La diversité des syncytines actuellement observées chez les mammifères, qui descendent d’un même ancêtre commun, s’explique vraisemblablement par l’acquisition progressive de nouveaux rétrovirus endogènes dans chacune des différentes lignées. Dans une sorte de relais évolutif, la syncytine ancestrale aurait cédé sa place à toute une série de syncytines différentes11. Plusieurs études ont déjà repéré d’anciennes syncytines dans certains organismes 1213 et le lien entre la diversité des syncytines et les variations de morphologies des placentas est une question de recherche ouverte14.
Ce lien étroit entre viviparité et domestication d’une protéine virale pourrait être dû à l’une des principales difficultés de la reproduction hors œuf : l’organisme de la mère doit tolérer celui du fœtus pendant toute la durée de la gestation. En l’absence d’adaptation spécifique, sa présence devrait déclencher un rejet, comme dans le cas d’une greffe. Différents mécanismes se combinent désormais pour permettre cette tolérance fœto-maternelle mais, au moment de l’apparition de la viviparité, il est possible que des protéines virales de type syncytines aient été indispensables en raison de leurs capacités immunosuppressives.

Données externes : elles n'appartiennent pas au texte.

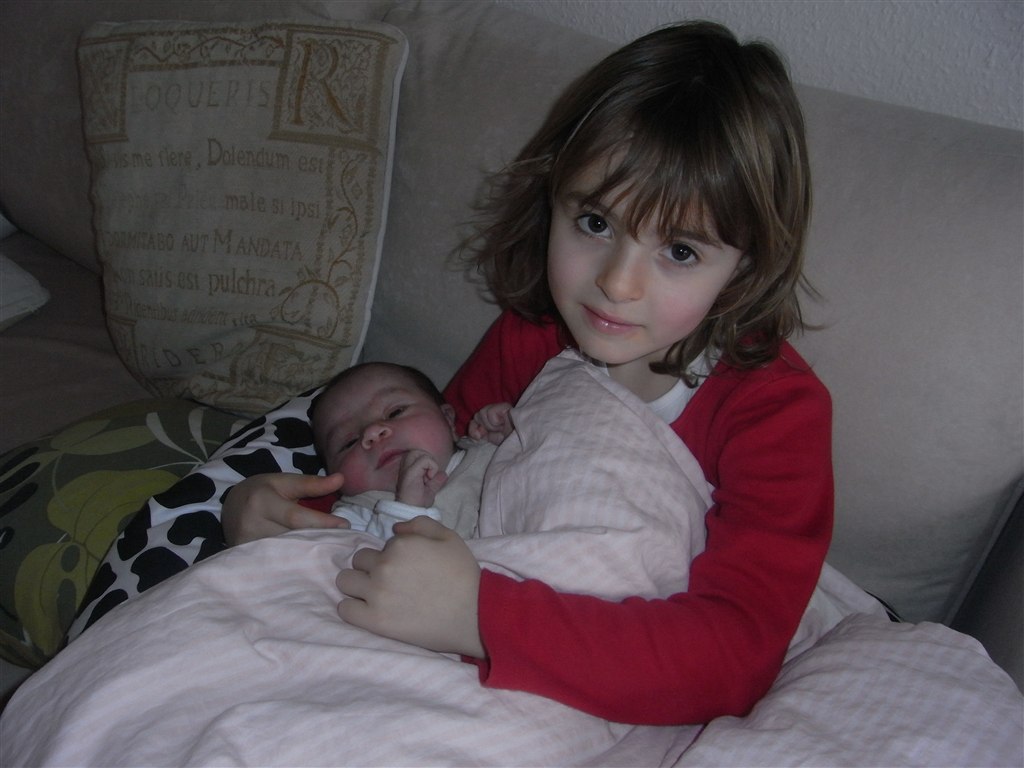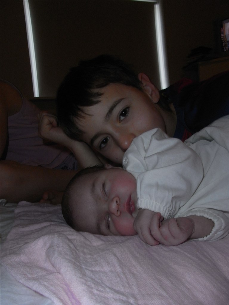 Han ville jo have en lillebror, men det har han totalt taget i sig igen - han vil bare kramme hende og kysse hende hele tiden, så det er bare så dejligt!

À défaut d’être capables de remonter le temps pour le démontrer, on peut s’intéresser aux quelques animaux vivipares qui n’appartiennent pas au groupe des mammifères15. Des chercheurs français étudiant les syncytines en ont ainsi identifié une… chez un lézard vivipare d’Amérique du Sud 16 ! Le rôle de ces protéines virales dans la reproduction vivipare ne se limite donc pas aux seuls mammifères, et il reste à savoir si leur présence est vraiment systématique chez les animaux à placenta.
Le lien entre les syncytines et la reproduction vivipare est particulièrement étudié mais ce n’est pas le seul exemple de fonction dépendant de la domestication d’un gène viral. Au-delà du syncytiotrophoblaste, les premiers résultats indiquent que des syncytines pourraient jouer un rôle dans la formation d’autres tissus nécessitant la fusion de plusieurs cellules, à savoir certains muscles17, certaines structures responsables de la régression du tissu osseux et certaines cellules géantes impliquées dans la régulation de l’inflammation18.
Une autre protéine de rétrovirus s’exprime dans nos cerveaux, où elle est notamment impliquée dans la mémorisation1920. Les guêpes parasitoïdes ont quant à elles domestiqué des virus entiers, qu’elles injectent aux arthropodes qu’elles parasitent en même temps que leurs œufs, pour favoriser leur tolérance immunitaire21. À l’inverse, différents gènes de rétrovirus protègent les organismes qui les portent contre les infections par d’autres virus22.
Les observations de ce type ne cessent de se multiplier et il devient nécessaire de repenser notre vision des virus. En interaction permanente avec les autres entités biologiques, ils ne sont pas seulement vecteurs de maladies, mais aussi d’innovations génétiques ayant chamboulé l’évolution du vivant23.